* **Given data**
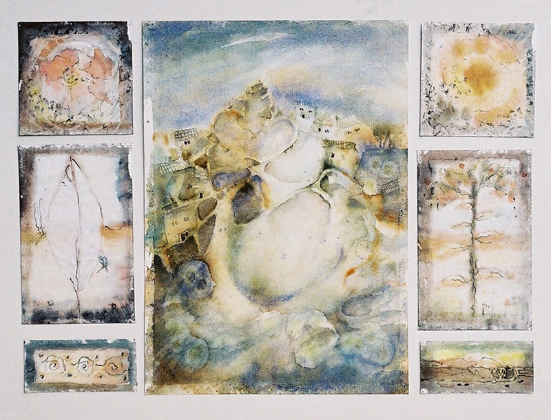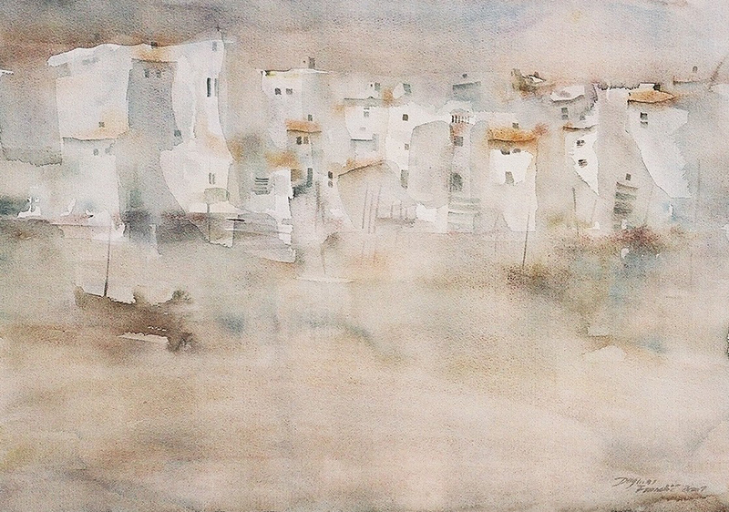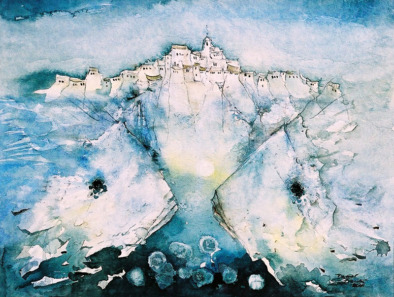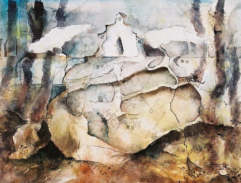 The depictions of citadels lit by sunlight, or of the foggy winter mornings, carry within themselves a scent of salt and wind from the sea that conquers and initiates us into the vastness and the islands landscapes. The flaring of the vedute, old churches, cisterns and stairs that lead to depths, is attained slowly and inconspicuously, but still with a recognizable spirit of the Mediterranean citadels. Woven by undertones that reach from lightest to darkest and mutually complement each other, the watercolor is affluent, while the composition is calming, at some places aided by drawing.
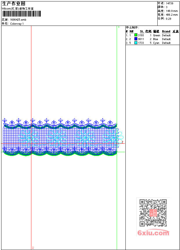 - emb花版参数: 大小:49.50 KB / 尺寸:486*150[毫米] / 针数:14739针 / 线色:3 / 格式:emb / 版本:7
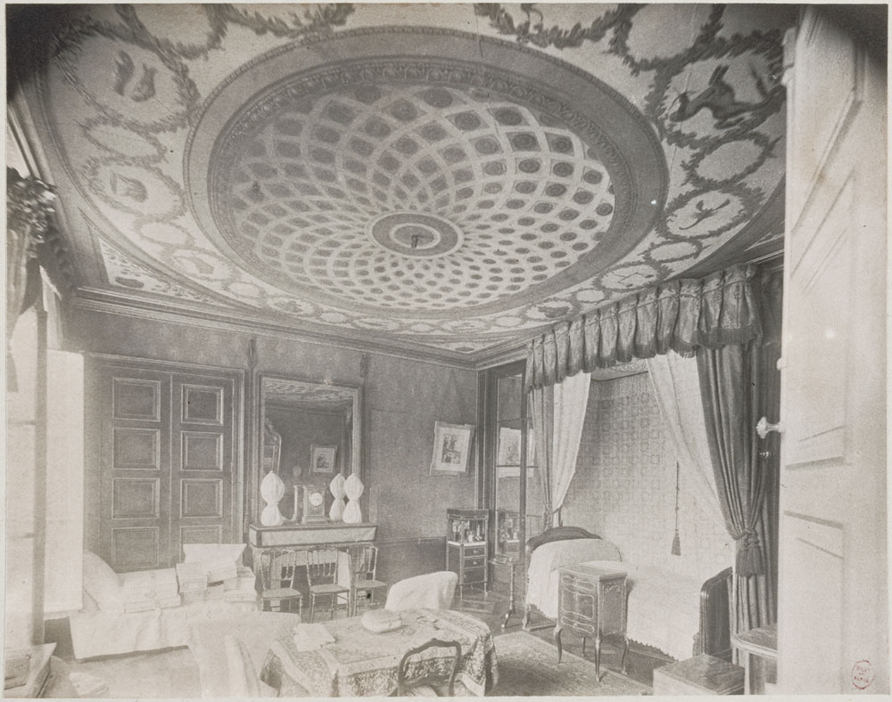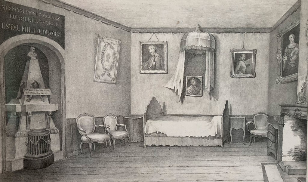 La chambre de Voltaire à Ferney à la fin du XVIIIe siècle, avec le mausolée de son cœur

* **Prompt**
Take the lines from the one holding "- emb花版参数: 大小:49.50" through the final line of the listing above and copy them exactly, both ends included, with no pictures.

* **Response area**
 - emb花版参数: 大小:49.50 KB / 尺寸:486*150[毫米] / 针数:14739针 / 线色:3 / 格式:emb / 版本:7
 La chambre de Voltaire à Ferney à la fin du XVIIIe siècle, avec le mausolée de son cœur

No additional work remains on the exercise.